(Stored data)

┄┄┄┄┄┄┄┄┄┄┄┄┄┄┄┄┄┄┄┄

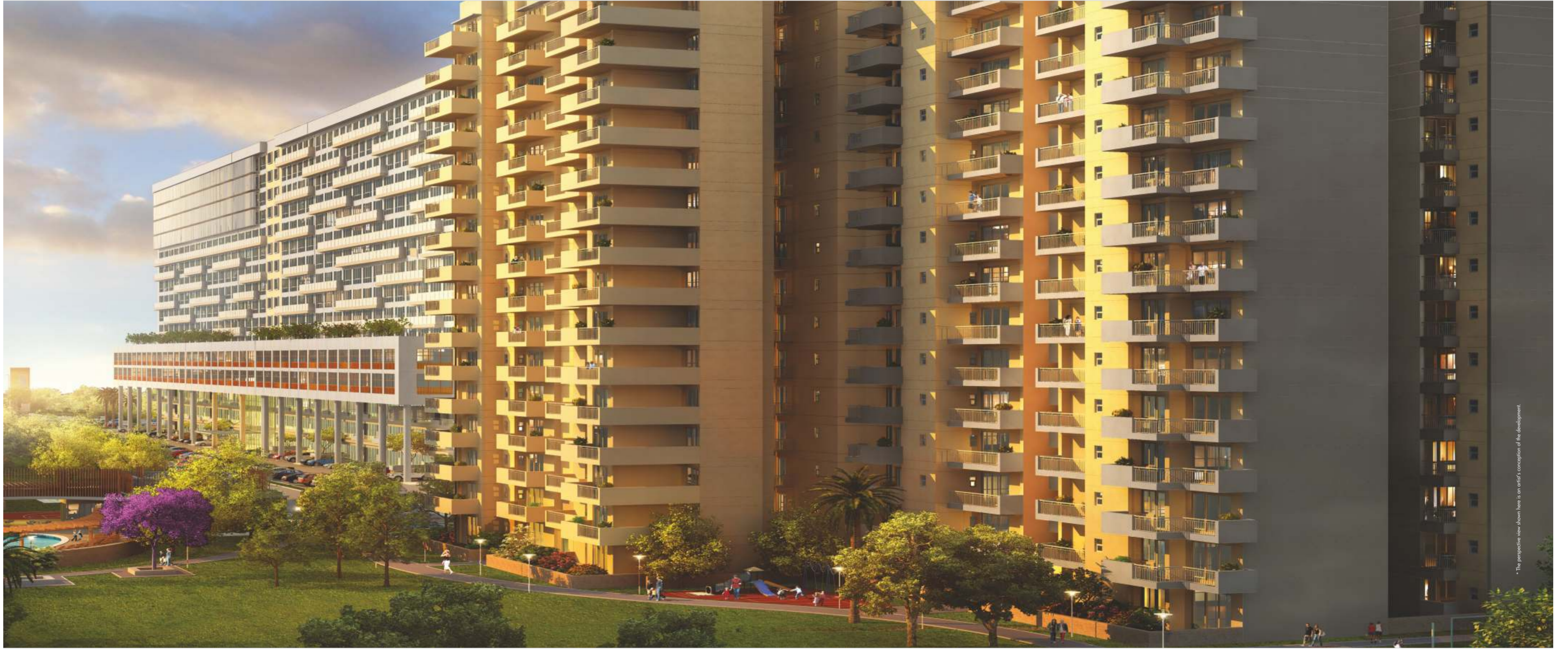
* The perspective view shown here is an artist's conception of the development.
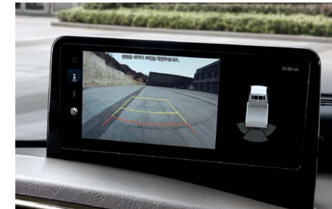
10.25-inch navigation system (phone projection, Bluelink) / Rear View Monitor 8-inch display audio (phone projection)

The PORTER II offers a pleasant driving environment with a diverse array of even more competitive and convenient features.
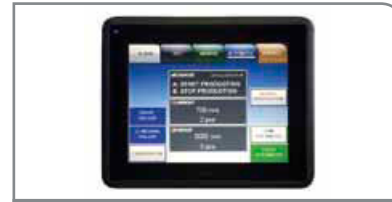
State-of-the-art User Interface

User-friendly display featuring interface to network and internet, diagnosis tool and multilingual function
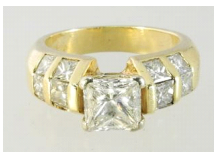
Lot # 428
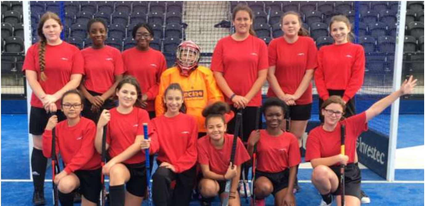
Year 8 girls represent Barking & Dagenham at The London Hockey Festival
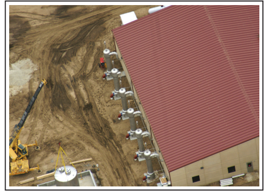
Aerial view of the DS1600 LFs and the AOP building during construction.
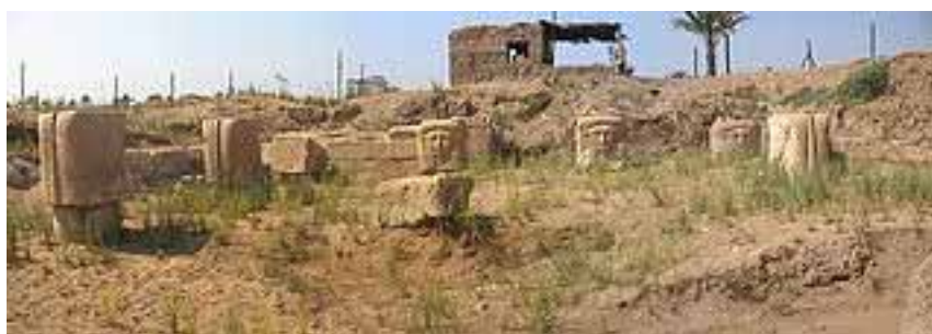
Ruins in Memphis

┄┄┄┄┄┄┄┄┄┄┄┄┄┄┄┄┄┄┄┄

The records above are to be restated word for word, with every picture left out.

* The perspective view shown here is an artist's conception of the development.
10.25-inch navigation system (phone projection, Bluelink) / Rear View Monitor 8-inch display audio (phone projection)

The PORTER II offers a pleasant driving environment with a diverse array of even more competitive and convenient features.
State-of-the-art User Interface

User-friendly display featuring interface to network and internet, diagnosis tool and multilingual function
Lot # 428
Year 8 girls represent Barking & Dagenham at The London Hockey Festival
Aerial view of the DS1600 LFs and the AOP building during construction.
Ruins in Memphis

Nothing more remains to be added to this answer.